■ **Assignment**:
Give the listing again, word for word, and let no picture into it.

■ **Information given**:
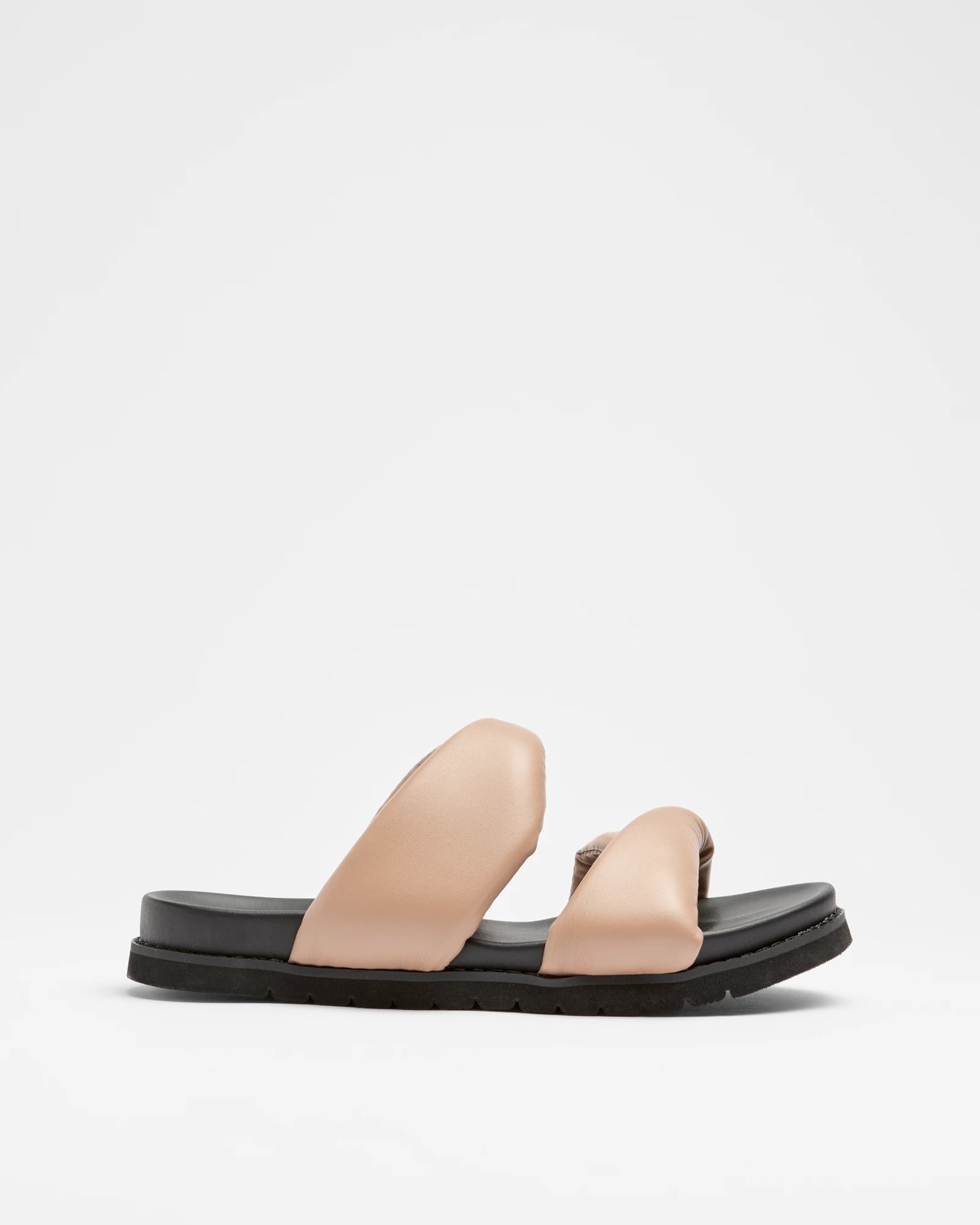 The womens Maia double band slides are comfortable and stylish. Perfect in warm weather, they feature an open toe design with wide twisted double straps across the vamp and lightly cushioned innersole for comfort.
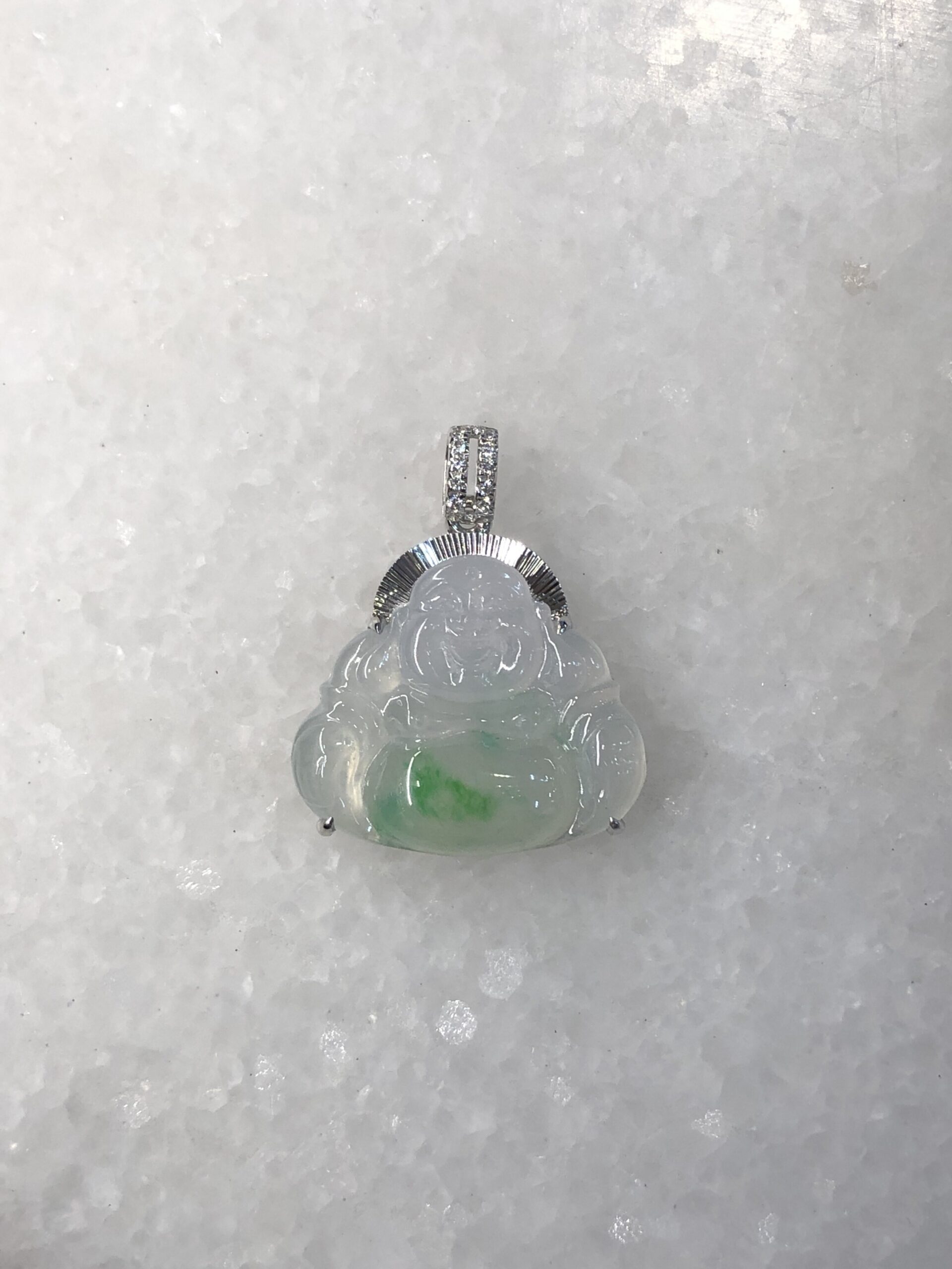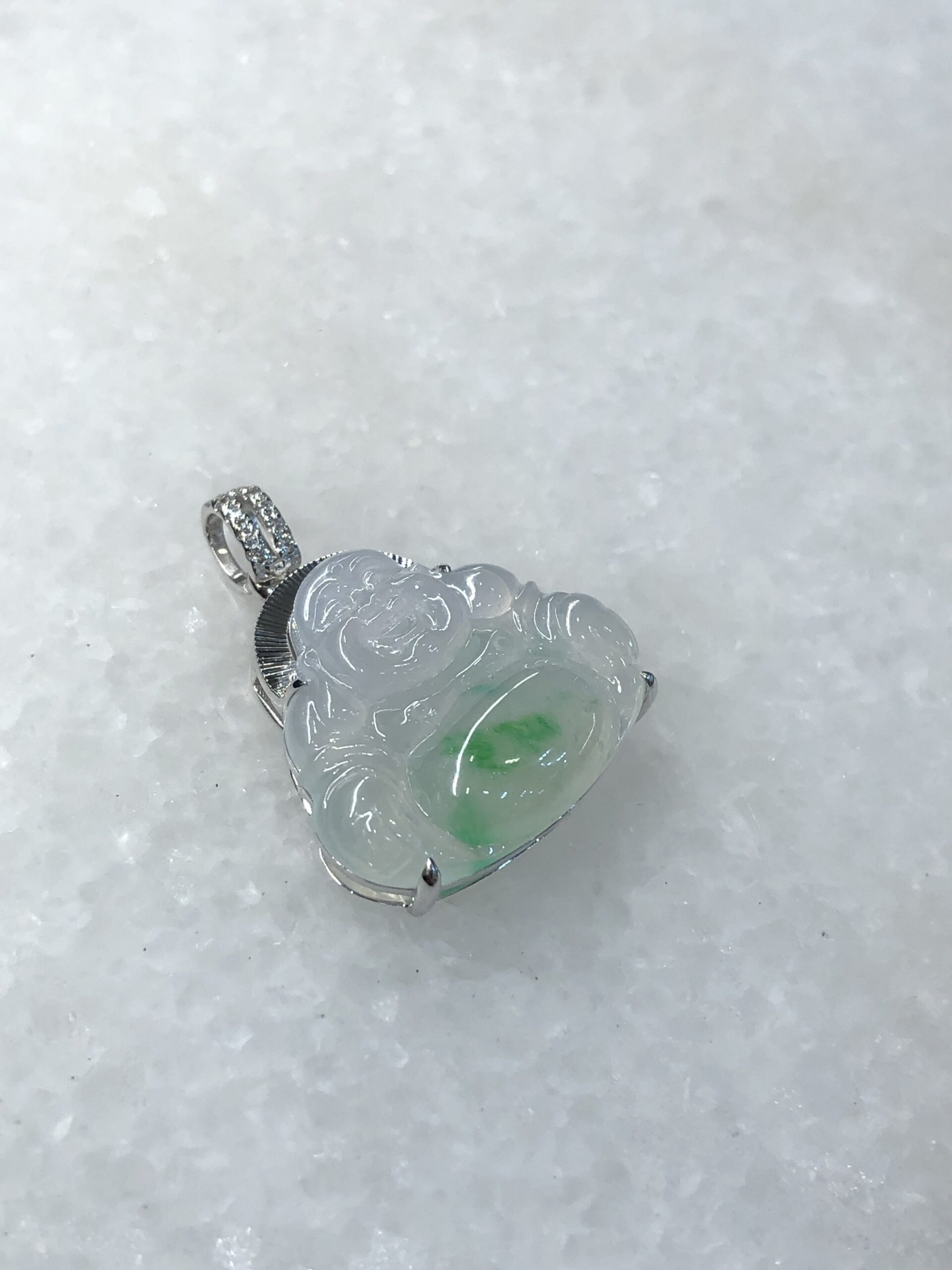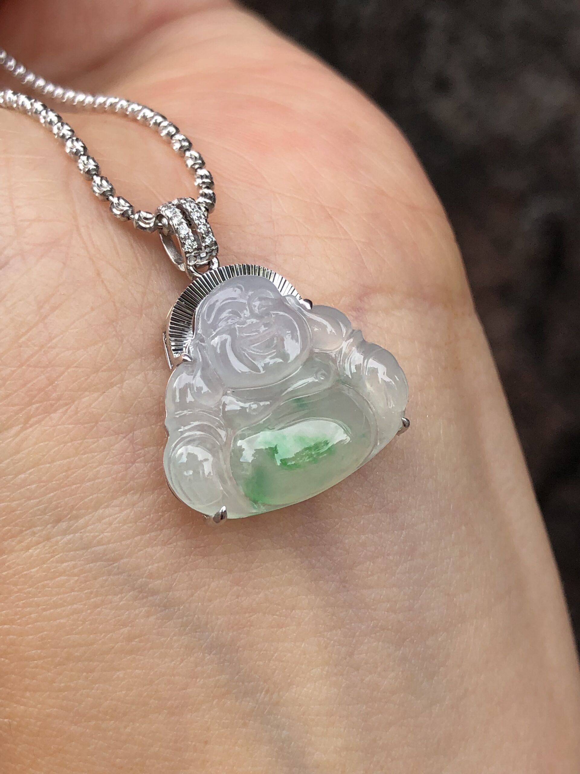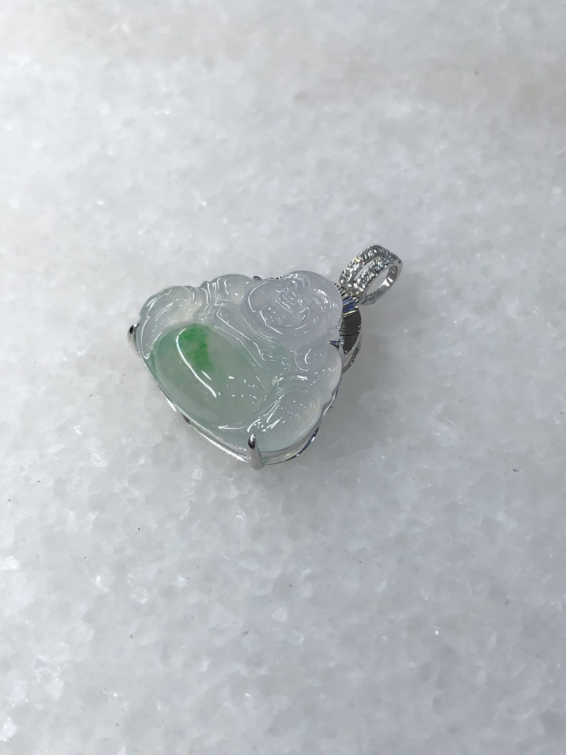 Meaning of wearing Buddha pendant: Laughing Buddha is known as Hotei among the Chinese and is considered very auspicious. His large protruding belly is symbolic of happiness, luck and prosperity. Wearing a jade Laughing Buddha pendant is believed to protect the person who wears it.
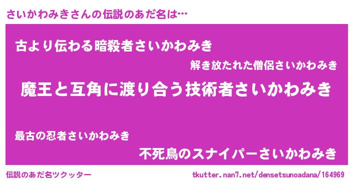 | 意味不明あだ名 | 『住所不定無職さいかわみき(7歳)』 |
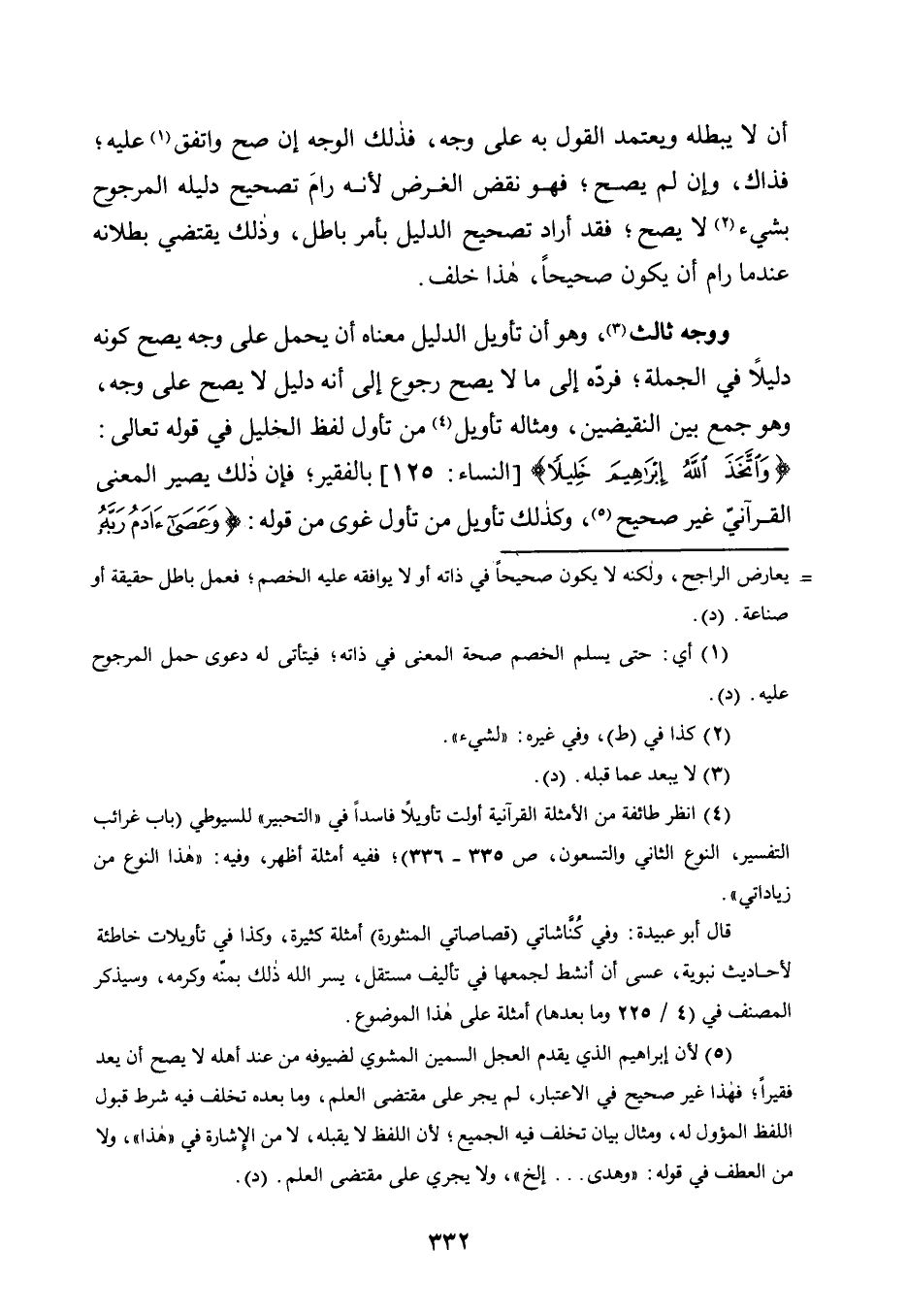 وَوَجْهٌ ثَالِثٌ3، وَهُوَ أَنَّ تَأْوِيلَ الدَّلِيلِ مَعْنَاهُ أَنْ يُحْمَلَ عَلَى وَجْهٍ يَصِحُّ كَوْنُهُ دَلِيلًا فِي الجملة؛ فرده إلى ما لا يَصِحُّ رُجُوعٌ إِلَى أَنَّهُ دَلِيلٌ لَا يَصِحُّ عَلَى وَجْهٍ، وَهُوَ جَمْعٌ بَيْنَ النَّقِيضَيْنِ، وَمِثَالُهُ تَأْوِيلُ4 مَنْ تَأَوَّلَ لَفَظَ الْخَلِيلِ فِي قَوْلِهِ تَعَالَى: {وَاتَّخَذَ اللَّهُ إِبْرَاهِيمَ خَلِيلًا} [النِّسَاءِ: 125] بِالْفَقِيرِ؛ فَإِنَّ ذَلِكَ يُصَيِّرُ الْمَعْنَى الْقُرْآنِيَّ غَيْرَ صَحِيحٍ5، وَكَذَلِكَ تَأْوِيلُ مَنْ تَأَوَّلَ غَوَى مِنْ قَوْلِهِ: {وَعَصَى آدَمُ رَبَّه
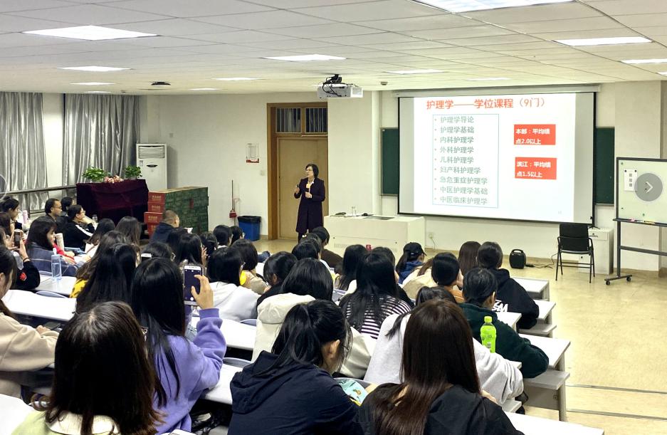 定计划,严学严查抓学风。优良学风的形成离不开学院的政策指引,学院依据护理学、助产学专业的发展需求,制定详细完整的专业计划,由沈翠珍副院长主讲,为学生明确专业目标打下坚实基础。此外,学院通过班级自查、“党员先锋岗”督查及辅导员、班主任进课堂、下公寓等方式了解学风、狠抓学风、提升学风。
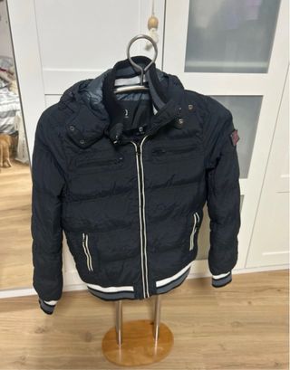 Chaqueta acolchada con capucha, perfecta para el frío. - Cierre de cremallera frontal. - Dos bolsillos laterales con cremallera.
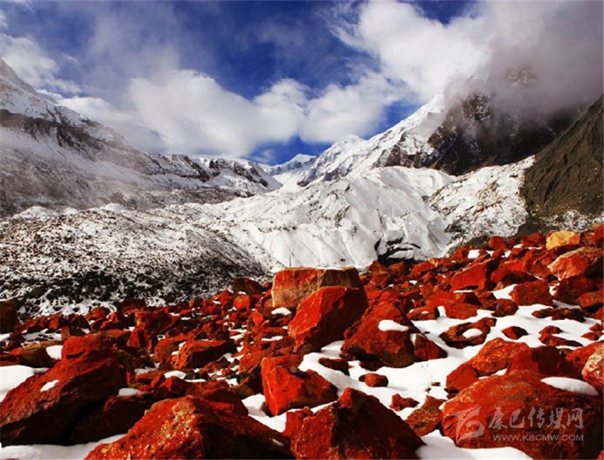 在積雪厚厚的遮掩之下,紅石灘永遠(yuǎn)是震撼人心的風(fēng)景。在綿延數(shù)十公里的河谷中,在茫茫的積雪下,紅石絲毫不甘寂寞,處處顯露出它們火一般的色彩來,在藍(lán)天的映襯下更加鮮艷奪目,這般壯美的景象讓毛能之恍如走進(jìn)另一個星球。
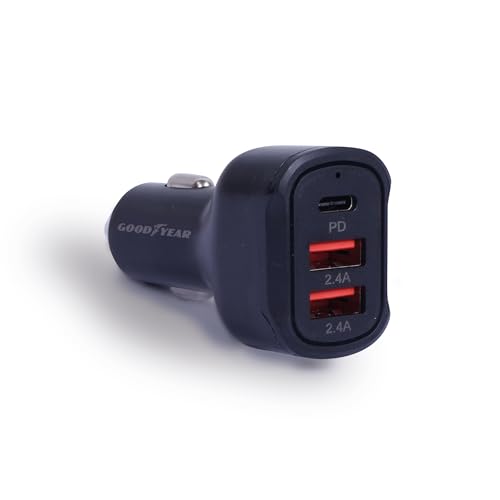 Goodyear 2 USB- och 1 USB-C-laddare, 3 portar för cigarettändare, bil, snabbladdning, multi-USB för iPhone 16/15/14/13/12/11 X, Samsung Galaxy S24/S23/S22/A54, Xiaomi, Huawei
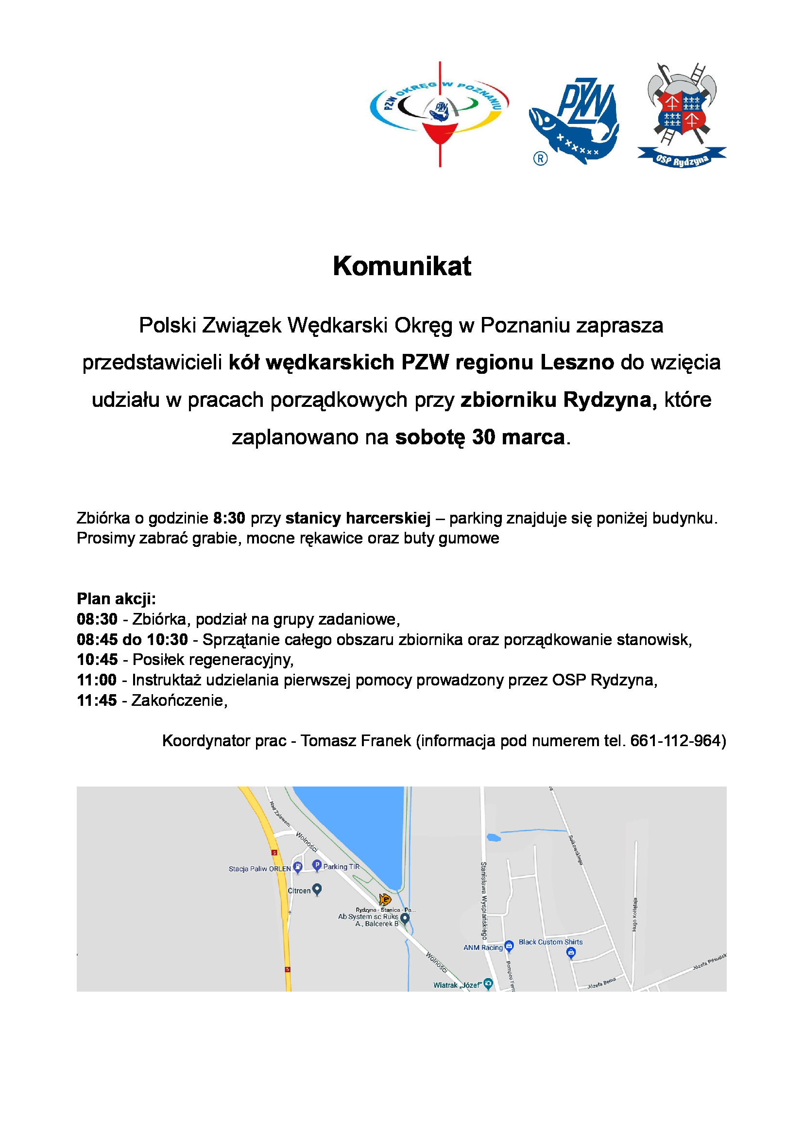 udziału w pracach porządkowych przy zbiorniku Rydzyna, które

■ **Output of the exercise**:
 The womens Maia double band slides are comfortable and stylish. Perfect in warm weather, they feature an open toe design with wide twisted double straps across the vamp and lightly cushioned innersole for comfort.
 Meaning of wearing Buddha pendant: Laughing Buddha is known as Hotei among the Chinese and is considered very auspicious. His large protruding belly is symbolic of happiness, luck and prosperity. Wearing a jade Laughing Buddha pendant is believed to protect the person who wears it.
 | 意味不明あだ名 | 『住所不定無職さいかわみき(7歳)』 |
 وَوَجْهٌ ثَالِثٌ3، وَهُوَ أَنَّ تَأْوِيلَ الدَّلِيلِ مَعْنَاهُ أَنْ يُحْمَلَ عَلَى وَجْهٍ يَصِحُّ كَوْنُهُ دَلِيلًا فِي الجملة؛ فرده إلى ما لا يَصِحُّ رُجُوعٌ إِلَى أَنَّهُ دَلِيلٌ لَا يَصِحُّ عَلَى وَجْهٍ، وَهُوَ جَمْعٌ بَيْنَ النَّقِيضَيْنِ، وَمِثَالُهُ تَأْوِيلُ4 مَنْ تَأَوَّلَ لَفَظَ الْخَلِيلِ فِي قَوْلِهِ تَعَالَى: {وَاتَّخَذَ اللَّهُ إِبْرَاهِيمَ خَلِيلًا} [النِّسَاءِ: 125] بِالْفَقِيرِ؛ فَإِنَّ ذَلِكَ يُصَيِّرُ الْمَعْنَى الْقُرْآنِيَّ غَيْرَ صَحِيحٍ5، وَكَذَلِكَ تَأْوِيلُ مَنْ تَأَوَّلَ غَوَى مِنْ قَوْلِهِ: {وَعَصَى آدَمُ رَبَّه
 定计划,严学严查抓学风。优良学风的形成离不开学院的政策指引,学院依据护理学、助产学专业的发展需求,制定详细完整的专业计划,由沈翠珍副院长主讲,为学生明确专业目标打下坚实基础。此外,学院通过班级自查、“党员先锋岗”督查及辅导员、班主任进课堂、下公寓等方式了解学风、狠抓学风、提升学风。
 Chaqueta acolchada con capucha, perfecta para el frío. - Cierre de cremallera frontal. - Dos bolsillos laterales con cremallera.
 在積雪厚厚的遮掩之下,紅石灘永遠(yuǎn)是震撼人心的風(fēng)景。在綿延數(shù)十公里的河谷中,在茫茫的積雪下,紅石絲毫不甘寂寞,處處顯露出它們火一般的色彩來,在藍(lán)天的映襯下更加鮮艷奪目,這般壯美的景象讓毛能之恍如走進(jìn)另一個星球。
 Goodyear 2 USB- och 1 USB-C-laddare, 3 portar för cigarettändare, bil, snabbladdning, multi-USB för iPhone 16/15/14/13/12/11 X, Samsung Galaxy S24/S23/S22/A54, Xiaomi, Huawei
 udziału w pracach porządkowych przy zbiorniku Rydzyna, które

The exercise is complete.